Woodley's simply a revelation in the role and try as the script might to sometimes take her into syrupy territory, she's having none of it, bringing a realistic vulnerability and toughness to Hazel that sidesteps as many cancer patient movie cliches as it can. With each passing scene she only pulls us in further, likely winning over any cynics who thought she was possibly too old for the role or didn't have the moxy to pull it off. She deserves much more than an MTV Award. Elgort is almost equally strong and in a way he had to overcome more in being thrust into the more obviously "written" part. He not only overcomes it, but creates doubt that Woodley couldn't have done this opposite just anyone else, effectively portraying this young man who isn't as sure of himself as he'd have everyone believe. An actor playing an actor, the only thing we know for sure is that his feelings for Hazel are very real.
It's easy to complain Laura Dern is being relegated to the mother role, but at least it's written and performed in such a way that it never feels like are noses are being rubbed in it. Walking the line between wanting Hazel to have a life and friends but aware of the precautions that need to be taken with her daughter's health, Dern makes her almost impossibly cool and normal without ignoring the emotional pain of the situation. Sam Trammell gets less time in as her dad, Michael, but he's portrayed and performed just as believably. Nat Wolff kind of feels hung out to dry as Augustus' blind best friend, more there as a wisecracking sidekick to provide comic relief amidst the gloom and doom. And it's already established that Dafoe steals the movie in his few, but monumentally pivotal scenes, bringing his trademark creepiness to the last movie you'd expect to find it in.
Indistinctly but efficiently adapted to the screen by relative newcomer Josh Boone, he may have just cashed in his directorial lottery ticket by simply not screwing this up. It's a victory that shouldn't be undersold since the number of ways a disease melodrama can go wrong are endless.
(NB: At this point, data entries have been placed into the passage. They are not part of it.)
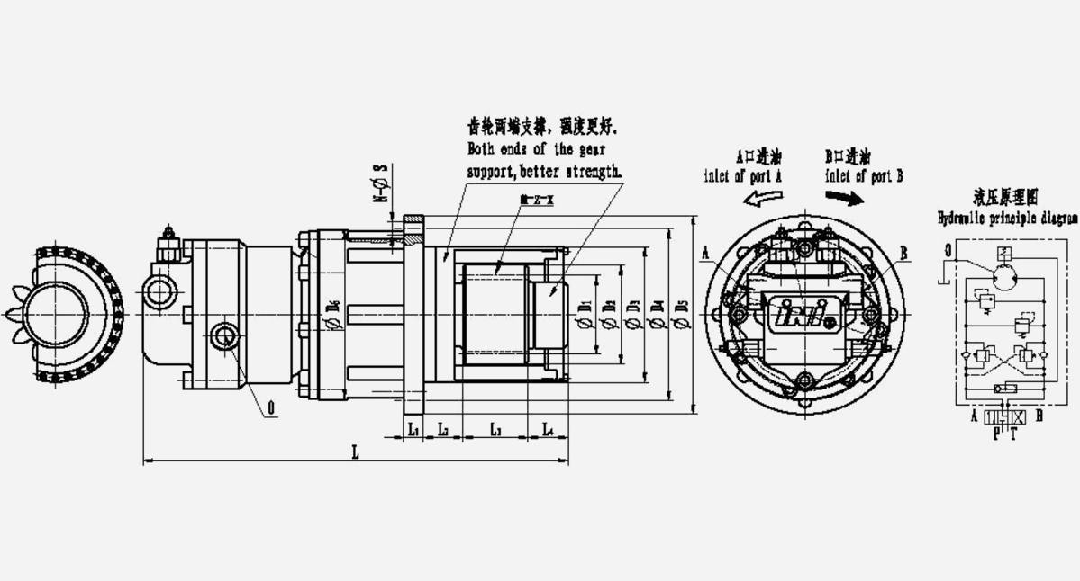 IYH-seriens hydrauliska svängdrev är egenutvecklade med oberoende intellektuella rättigheter. De består huvudsakligen av hydraulmotorer, hydrauliska flerskivbromsar, Ctype planetväxellådor och distributörer. hydrauliska motorer kan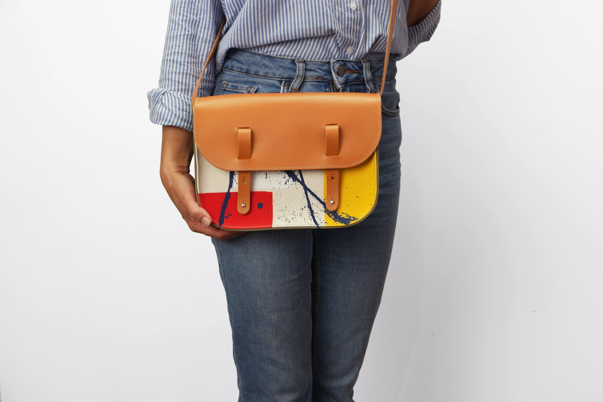La besace occupe une place de choix dans notre gamme d'éditions limitées. Ce format intemporel se prête parfaitement aux créations peintes à la main, offrant une surface idéale pour des motifs graphiques contemporains. Sa silhouette élégante sublimée par l'art manuel français en fait une pièce de caractère unique.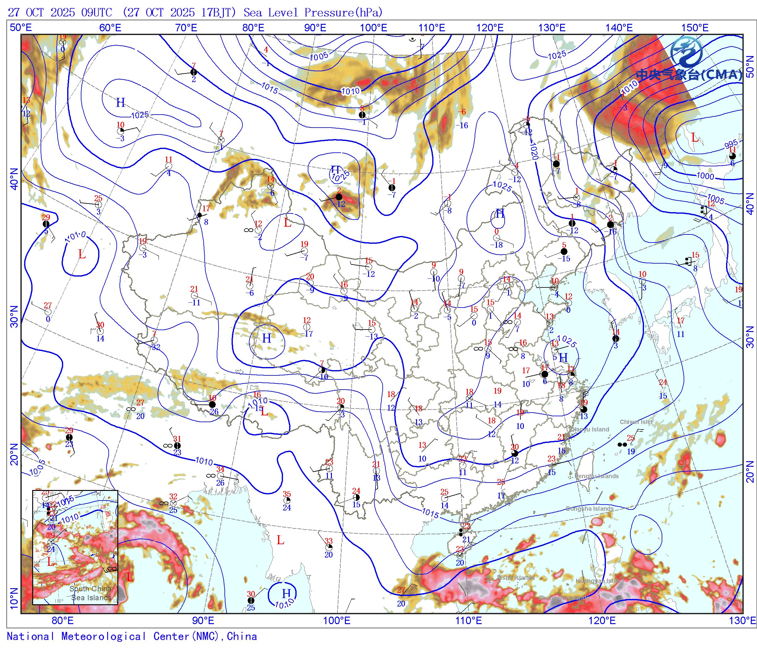 站点的填图要素包括:云量、风向风速、天气现象、温度(红色数字)和露点(蓝色数字);天气系统符号包括:高压中心(H)、低压中心(L)、冷锋(带三角形蓝色线段)、暖锋(带半圆形红色线段)和台风符号;蓝色等值线为海平面气压场等压线(单位hPa);底层填色为地形高度;顶层填色为红外卫星云图。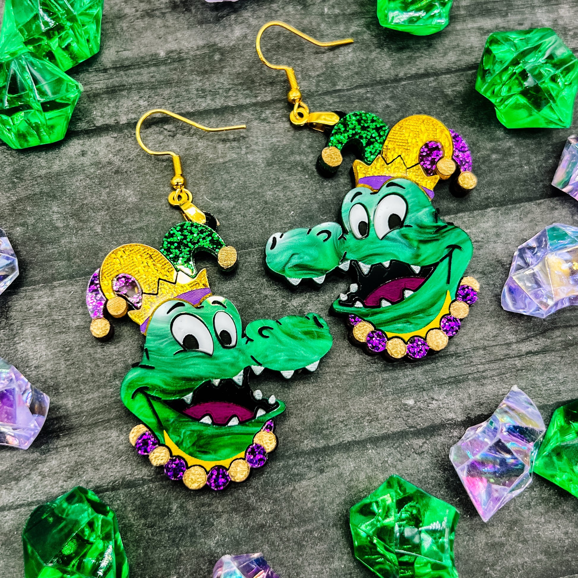 Mardi Gras themed alligator dangles cut from various glittery and marble acrylics! These earrings measure 2” long not including the hypoallergenic hooks.

Written by the duo of Scott Neustader and Michael H.Weber, this effort comes in a distant third behind their work in (500) Days of Summer and The Spectacular Now, but there's little shame in that considering those were two of the best scripts written about young love while this is somewhat handcuffed by the trappings of a super-popular YA adaptation. But remarkably, that same observational quality about relationships from those films is still very present.
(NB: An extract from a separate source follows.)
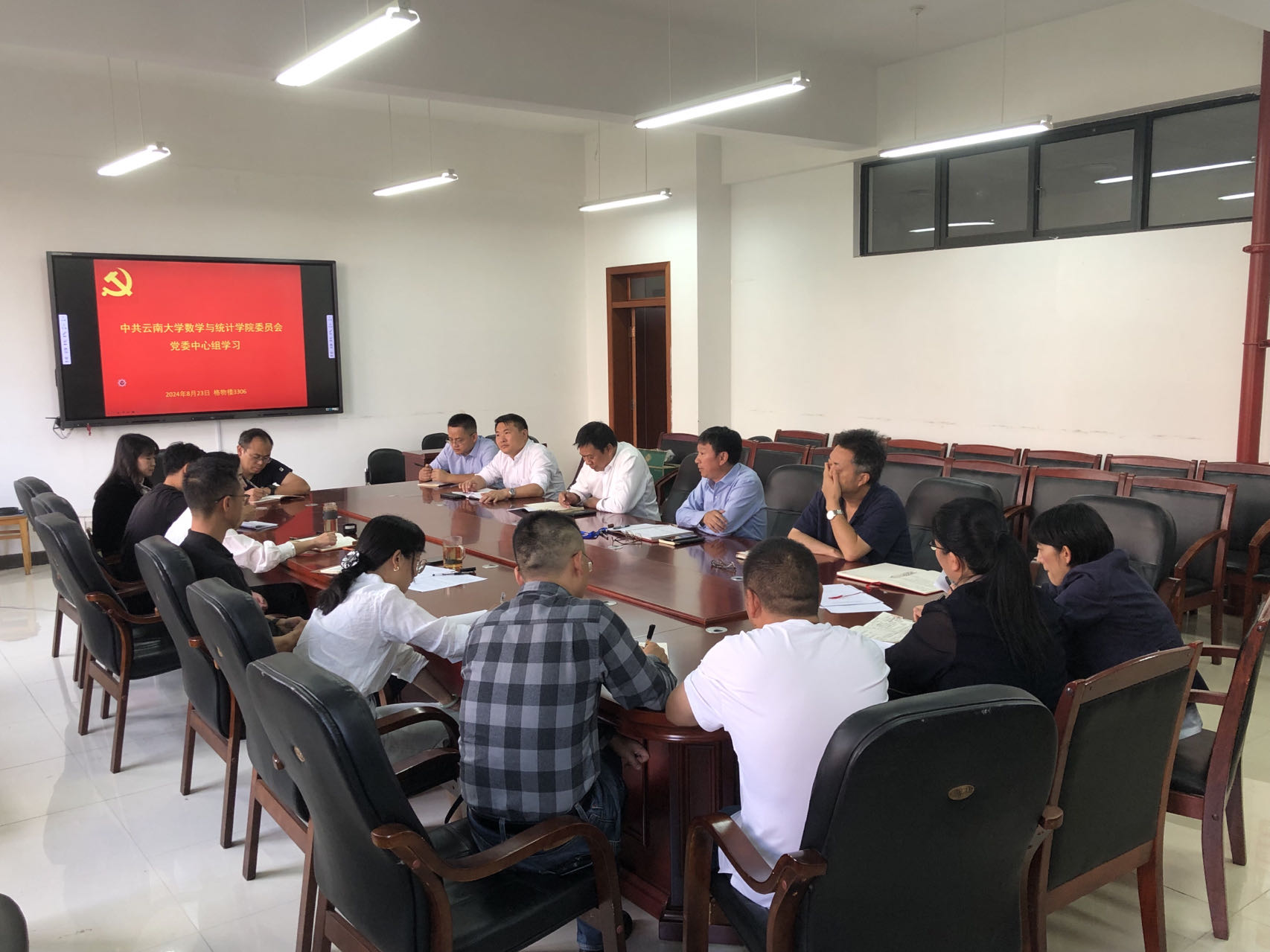 2024年8月23日上午,学院召开党委理论中心组学习,学习贯彻党的二十届三中全会精神。全体党委委员,数学系主任李朝迁、全体党支部书记、中国民主建国会云南省分会会员吕君列席会议,会议由学院党委书记徐瑾主持。

The Fault in Our Stars doesn't exactly go where you'd expect, or at least in the way you'd suspect it to. But it also kind of does. And still, nothing about it really seems juvenile or cloying, even if by every right it should. With a somewhat bizarre structure and a wordless scene near the end that will have you choking back tears, it still has its faults, but even a few of those are converted to strengths thanks to some smart choices and two performers that make everything feel real. They're worth every penny the studio paid them, as it's impossible imagining a similarly successful result with different actors in the roles.